Leadership Can Be Taught
A Bold Approach for a Complex World

We live in a time when the desires for superior leadership run strong and deep. As our world becomes more complex, diverse, and morally ambiguous—the essential components of successful leadership continue to change with the times. Do current leadership programs meet today’s challenges? What practice of leadership will mobilize people to face tough challenges that require both loss and innovation? Can leadership be learned in ways that change behavior at the level of default settings—the way people respond in a crisis and under stress?

In LEADERSHIP CAN BE TAUGHT: A Bold Approach for a Complex World (HBS Press; November 7, 2005), Sharon Daloz Parks argues that in order to prepare future leaders, we will need to go beyond conventional teaching and training methods to a more dynamic, adaptive approach to leadership theory learned through a process called “case-in-point.” Pioneered by Ronald Heifetz and his colleagues at Harvard’s Center for Public Leadership, this distinctive, bold approach to learning and teaching leadership is created and practiced in a manner that is responsive to the need for a new story about what leadership means—and how to learn it. Through rich description including stories and anecdotes, Parks invites readers into the classroom to experience Heifetz’s approach and case-in-point teaching firsthand.
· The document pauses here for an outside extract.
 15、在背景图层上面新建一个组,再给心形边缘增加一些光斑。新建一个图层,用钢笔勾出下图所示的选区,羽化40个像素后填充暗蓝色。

This approach, as Heifetz and his colleagues have developed it, is based on four key distinctions: leadership and authority, familiar problems and unprecedented conditions, power and progress, and personality and presence. Case-in-point teaching draws on several well-established learning methods including seminar, simulation, discussion and dialogue, clinical-therapeutic practice, and coaching, but unlike traditional teaching methods that often focus on the experiences of past leaders and managers, case-in-point uses individuals’ own experiences—and the classroom environment itself—as a “crucible” for learning. This approach enables emerging leaders to actively work through the complex demands of today’s workplace and build their skills as they discover theory in practice and learn that you can offer acts of leadership “from wherever you sit.”
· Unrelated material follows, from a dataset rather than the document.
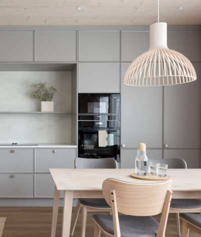 Lämminhenkinen keittiö kerrostalokodin sydämenä

Based on classroom observations, interviews, and analysis, case-in-point is explored along several sight lines: the content (the theory), the way it is taught (the method), the experience of the students, and the experience of practitioners, teachers, and coaches who have effectively taken up this approach. Parks outlines and interprets the essential features of Heifetz’s work and aims to answer the following questions: How readily do the lessons of this approach transfer back into the workplace? What kind of staying power does this approach have? Can this approach be picked up by other teacher-practitioners? Can its essential elements be used in quite different settings to good effect? What are the implications of this approach for re-casting our prevailing myths about leadership?

Challenging conventional ways of thinking about leadership and methods of leadership teaching and training, Leadership Can Be Taught sheds light on a dynamic mode of learning and challenges us to practice and teach leadership in more skilled, effective, and inspired forms.



Comentários

“Heifetz and Parks help bring to mind the idea of an energetic dance that binds the leader and followers, in which each side is fully present, active, and able to shape the other. In that sense, the teaching of leadership can—in fact, must—be a life-giving activity.”
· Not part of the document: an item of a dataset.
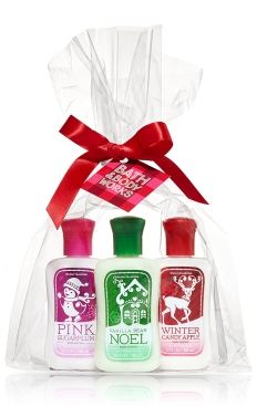 I think I’ve sung the praises of Bath & Body Works purse-friendly hand sanitizers quite a few times on here, but I will mention that all of their holiday scents are available in Pocketbac form, including fun and incredibly frugal gift sets like the ‘Holiday Treats’ collection pictured here. Use ’em as place settings at your holiday dinner so everyone walks away with something fun and festive.

—from the Foreword by Warren Bennis, University Professor and Founding Chairman of The Leadership Institute at the University of Southern California

Sobre a Autora
 
Sharon Daloz Parks is Director of Leadership for the New Commons, an initiative of the Whidbey Institute in Clinton, Washington. She also teaches in the Executive Leadership Program at Seattle University. She received her doctorate from Harvard University, where she subsequently—for more than sixteen years—held faculty and research positions in the schools of divinity, business, and the Kennedy School of Government. She is a coauthor of Common Fire: Leading Lives of Commitment in a Complex World and Can Ethics Be Taught?: Perspectives, Challenges and Approaches at Harvard Business School. She lectures, teaches, and consults nationally, with particular interest in the formation of leadership and ethics within the changing contexts of organizations and cultures.